Leaving out the pictures, output the lines from the one that contains "全身镜头时她的衬衫选用的是牛" through the end of the material, exactly as they stand.

====== Materials provided

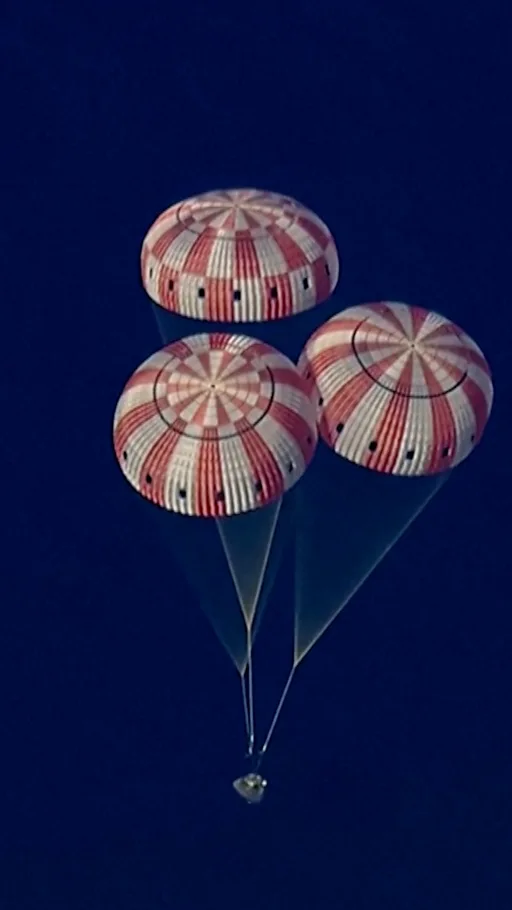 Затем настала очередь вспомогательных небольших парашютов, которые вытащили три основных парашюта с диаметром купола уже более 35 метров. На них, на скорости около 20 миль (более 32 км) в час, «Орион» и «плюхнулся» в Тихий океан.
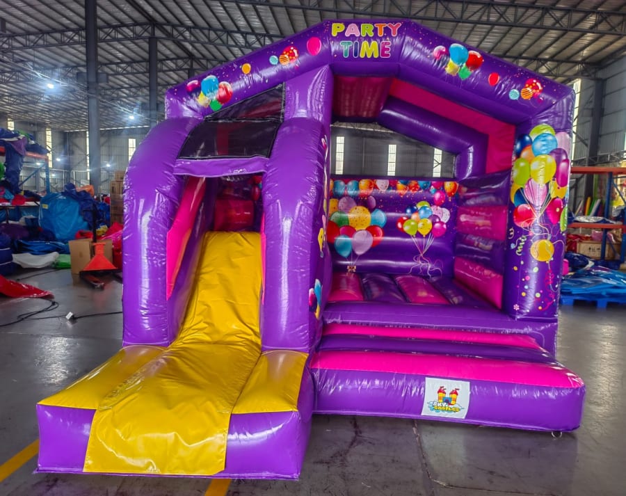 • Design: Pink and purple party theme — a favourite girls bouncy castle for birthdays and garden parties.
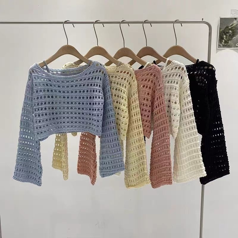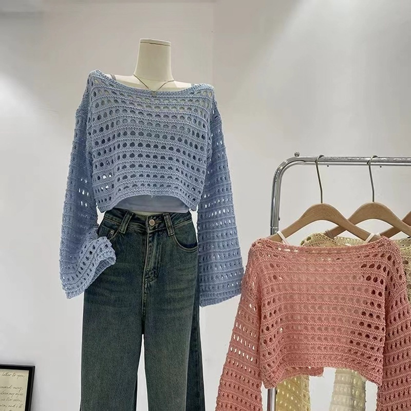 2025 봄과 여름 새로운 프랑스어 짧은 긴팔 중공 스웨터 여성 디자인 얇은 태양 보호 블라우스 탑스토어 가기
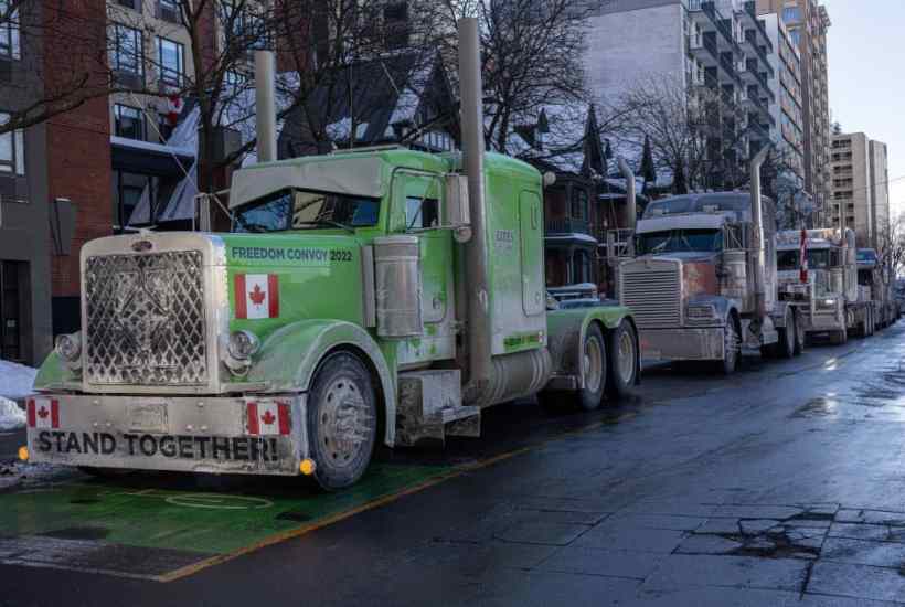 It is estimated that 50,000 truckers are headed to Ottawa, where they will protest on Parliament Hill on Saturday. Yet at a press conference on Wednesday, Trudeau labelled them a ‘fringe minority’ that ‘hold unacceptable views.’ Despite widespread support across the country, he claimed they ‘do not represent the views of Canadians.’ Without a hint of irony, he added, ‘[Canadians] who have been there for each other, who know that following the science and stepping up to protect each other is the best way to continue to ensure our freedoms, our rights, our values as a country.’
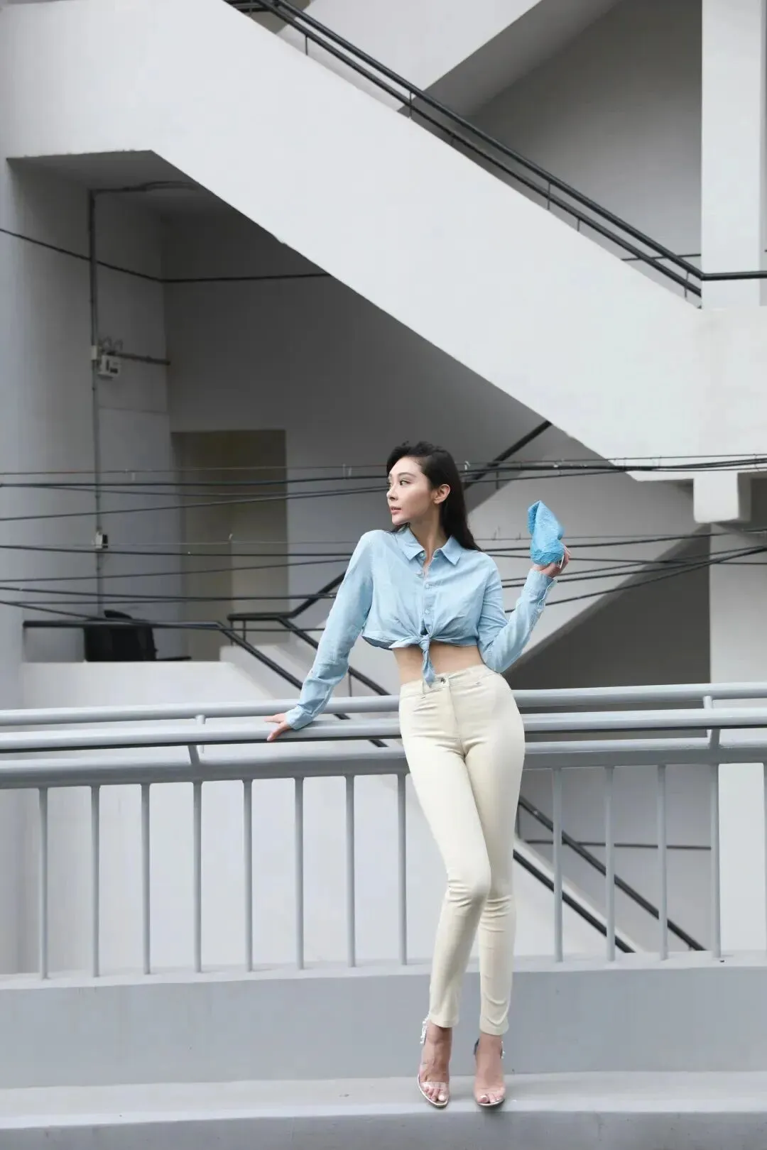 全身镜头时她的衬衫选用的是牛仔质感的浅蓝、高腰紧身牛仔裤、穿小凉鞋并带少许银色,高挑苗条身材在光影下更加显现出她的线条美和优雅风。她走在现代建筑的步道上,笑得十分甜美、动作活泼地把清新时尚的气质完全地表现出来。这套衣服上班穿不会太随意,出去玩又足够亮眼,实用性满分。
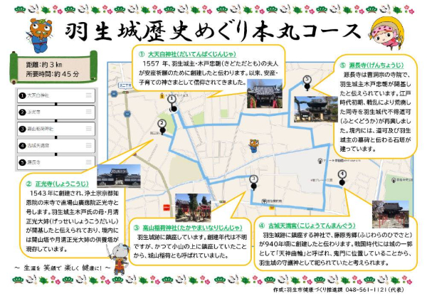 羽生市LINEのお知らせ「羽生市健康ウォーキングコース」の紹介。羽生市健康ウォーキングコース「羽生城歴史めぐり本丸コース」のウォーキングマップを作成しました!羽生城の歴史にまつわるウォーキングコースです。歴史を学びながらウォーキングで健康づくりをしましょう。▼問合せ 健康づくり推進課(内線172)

============

### Answer box
 全身镜头时她的衬衫选用的是牛仔质感的浅蓝、高腰紧身牛仔裤、穿小凉鞋并带少许银色,高挑苗条身材在光影下更加显现出她的线条美和优雅风。她走在现代建筑的步道上,笑得十分甜美、动作活泼地把清新时尚的气质完全地表现出来。这套衣服上班穿不会太随意,出去玩又足够亮眼,实用性满分。
 羽生市LINEのお知らせ「羽生市健康ウォーキングコース」の紹介。羽生市健康ウォーキングコース「羽生城歴史めぐり本丸コース」のウォーキングマップを作成しました!羽生城の歴史にまつわるウォーキングコースです。歴史を学びながらウォーキングで健康づくりをしましょう。▼問合せ 健康づくり推進課(内線172)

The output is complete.